Hi,
I have a table containing about 16M rows. I wan to export it in csv using the CSV writer. The node runs and does not return any warning.
The issue is when I read the file, I get an error:
"Execute failed: New line in quoted string (or closing quote missing). In line 21662."
Indeed, when I look at the content in nano:
"ZINC56683490","C(=N
1cnnc1-c1ccn[nH]1)c1ccccc1",35,"ZINC33332545",40020.0
I wrote twice the file and I got the same error at the same lines. I also try to write the files without quotes and replacing the separator by \t but the problem still occurs at the same position.
Did I miss something or the node is not able to write correctly a csv file?
Thank you in advance.
Nicolas
PS: Knime 3.1.2, Ubuntu 14.04 64bits
I have found a workaround which is a little dangereous but works in my case.

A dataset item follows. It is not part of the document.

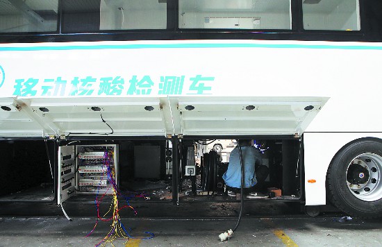 技术人员正在对车内实验设备进行检查调试

It is to allow multi line quoted strings.
Hope this will help.
Nicolas
looks like the csv node is interpreting a part of the the chemical notation of *\n* (where both stars can be anything).
Traditionally \n means newline, so that is not that strange that it is doing that.
You could try to work around it by replacing \ with its escaped form \\ before exporting, but there you are opening a can of worms.
Allowing multilined quoted strings is not a good solution either becouse the compound was changed by replacing the \n with a newline, so a bond and an atom is missing.
Personally i always stick to sdf for compound data.
You are right, the \n contained in the string could explain this error and I did not think about it. However, in the example above there is no such character.
The problematic pattern seems to be c or n followed by 1 followed by lowercase c or n, but I did not look for every possibility.